In the design of UDSs, different system stability measures such as reliability, robustness, resistance, resilience or vulnerability linked to hazards and risks are used (Casal-Campos et al. 2018). Reliability refers to the consistent performance of a system over time without failure (Billinton & Allan 1992). Resilience is seen as the ability to return to normal operating conditions after disturbances (Mugume et al. 2015); together with resistance (describing that a system is not reacting to disturbances), they are seen as the main characteristics of an infrastructure system (Tahmasebi Birgani & Yazdandoost 2014). The concept of vulnerability describes a system-dependent property that links a specific hazard to its effect in the risk assessment framework (Hauger et al. 2006). In systems engineering, robustness is defined as the insensitivity to variations normally encountered in production and operational use (Blanchard & Blyler 2016).
For our study, we define a robustly designed UDS as a design that ‘yields outcomes that are deemed to be satisfactory according to some selected assessment criteria across a wide range of future plausible states of the world’ using the definition for a robust plan provided by Walker et al. (2013). We address two influencing factors of the design process: (i) the influence of the hyetograph shape, rather than the volume, on the performance of the designed networks and (ii) the structural uncertainty inherent in the subjectivity of the designers' choices when defining the network characteristics. In our analysis, the effects of the second factor are considered in view of the information revealed by investigating the first factor (i.e., the influence of the designers' choices is gauged after each design is tested with multiple hyetographs).
METHODS
In this study, we investigated the response of different UDS designs of the same catchment to an ensemble of hyetographs with the same duration and total precipitation volume as the original design storm, but with different temporal patterns. By doing so, we can examine the influence of varying hyetograph shapes on different UDSs that were created by different designers using the same design storm.
We can segment our process into three distinct parts: (1) creating the UDS designs, (2) creating the event ensembles, and (3) running simulations and evaluating the outcomes. The first step was to obtain a set of UDS designs for the same catchment whose variations are the product of the designer's subjectivity. To do this, over the course of three semesters, 52 MSc students were given the same exercise in which they were asked to design a UDS given a common design guideline. For the second part, we used Multiplicative Random Cascade (MRC) models to create ensembles of hyetographs. The set of UDS designs was then tested using the hyetograph ensembles in SWMM 5.2 (Gironás et al. 2010) with swmm-api (Pichler 2022) to interface with Python. The modelling results were analysed to assess robustness. The methods used in these three parts are described in the following subsections.
Creating the UDS designs
This model was provided to the students as part of a course project, together with a Chicago design hyetograph as a hydraulic load for the simulations during the design process.

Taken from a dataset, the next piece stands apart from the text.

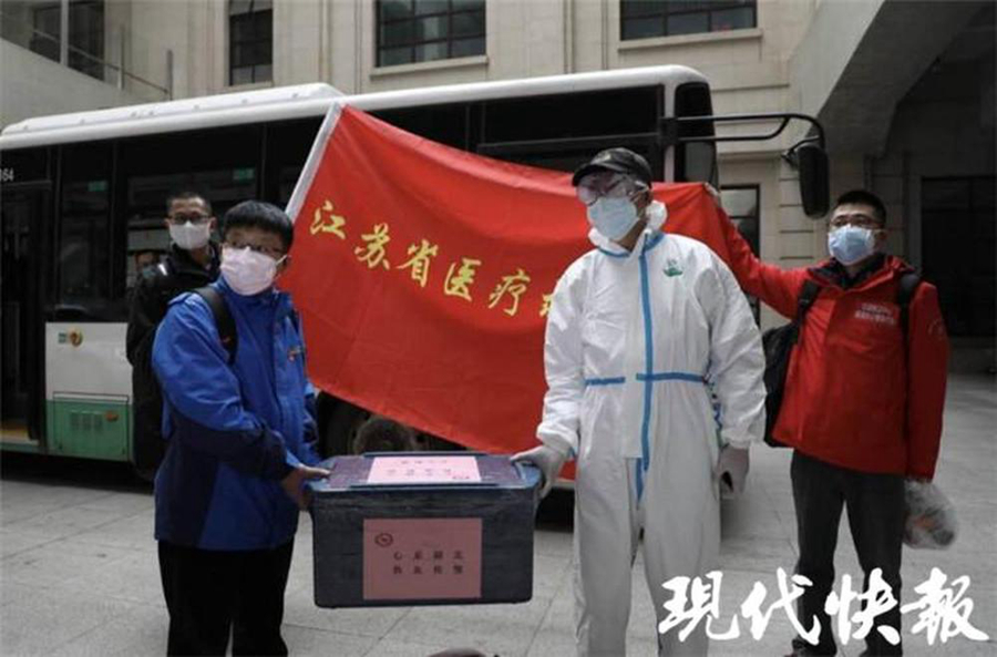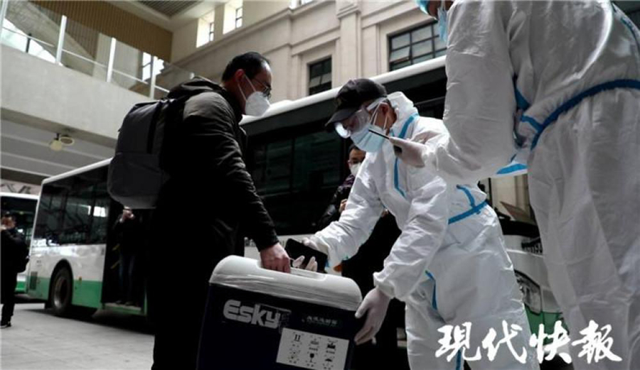 这次医疗队带来湖北最珍贵的物资,就是 3000 毫升救命血浆,是苏州、无锡、徐州、泰州等地的新冠肺炎康复者捐献的。在火车站的站台上,医疗队与黄石市中心血站副站长骆昡完成了交接。骆昡介绍,这些血浆将用于新冠肺炎危重患者救治,按照每人次使用 200 毫升计算,3000 毫升大概够十几位患者用。他把盛放着血浆的保温箱放到汽车上,随即出发,返回黄石市。(记者 是钟寅 拍摄 顾闻)

Their task was to optimize the UDS within the limitations of the given layout. They were explicitly given the freedom to select the dimensions of the pipes, RB volume and weir (W) height, as well as the depth of the manholes and elevation of the pipes (within local regulations, e.g., regarding frost depth and minimum/maximum slopes). The objectives were to induce no flooding in the catchment and no overflow to the river while minimizing the cost of their design using a cost function taken from the literature (De Toffol et al. 2007; Sitzenfrei et al. 2013). This cost function depends solely on the volumes of the pipes and the detention basin. Although the students were not restricted by the given exercise in changing Storm Water Management Model (SWMM) simulation settings (e.g., ponding), few chose to do so and to no visible effect.
Not all the designs submitted by the students met the given requirements, but we chose to initially discard only those that produced flood or overflow volumes above 103 m3 (20% of the rainfall volume and approximately 30% of the runoff). This resulted in a total of 41 acceptable designs used for further evaluation. By considering designs that do not meet the design requirements as well, we wanted to assess their robustness across different temporal hyetograph patterns and compare the magnitude and mode of failure to the initial results obtained from the design storm simulation. We observe two modes of failure in our system, flooding and overflow, both of which can be categorized as functional (Butler et al. 2017).
The differences between designs are a result of subjective choices made by each designer (student) within the constraints of the structure of the design approach and the software applied. By analysing these designs, we aim to focus on the impact of these subjective choices on the systems' performance.
Creating the storms
Sampling of the hyetograph ensemble was performed using MRCs. The MRCSIT,SEP model developed by Pons et al. (2022a) was used. We chose the model structure that depends on the timescale, intensity, and temperature (SIT) and also utilizes a stochastic element permutation generator (SEP), as it showed the best performance in Pons et al. (2022a). This temporal statistical downscaling method is usually applied to time series but has been suggested to be used as a weather generator in a single framework for both time series and extreme events under climate change by Pons et al. (2022b). More concisely, the MRC model is trained using long time series with high temporal resolution. This allows it to downscale from time series with a coarser resolution to a finer one. To create an ensemble of n storms, we run the same (trained) model n times, setting the total precipitation depth and storm duration, resulting in n different storms (because of the stochastic nature of the model). Moreover, the current study investigates the extension of the Highly Informed Design Evaluation Strategy (HIDES) (Pons et al. 2022b) from the local scale to the UDS scale by examining the potential of extreme event sampling for system design purposes. Indeed, the HIDES originally used synthetic rainfall events derived from the MRCSIT,SEP models to analyse the robustness of designed green roofs. In Pons et al. (2022a) 106 events were sampled; however, because the current study required the computation of a set of catchment models that increased the computational time, it was decided to only use 1,000 events per model as input. Using a smaller number of events is expected to influence the estimation of the probability of failure but still allows for assessing the behaviour of the systems under various probable hyetographs. Indeed, by simulating 10,000 events for two selected designs (see Appendix), we calculate the maximum 95% confidence interval for their probability of failure (for any threshold) as 5%. This amount of uncertainty does not influence the discussion of the results.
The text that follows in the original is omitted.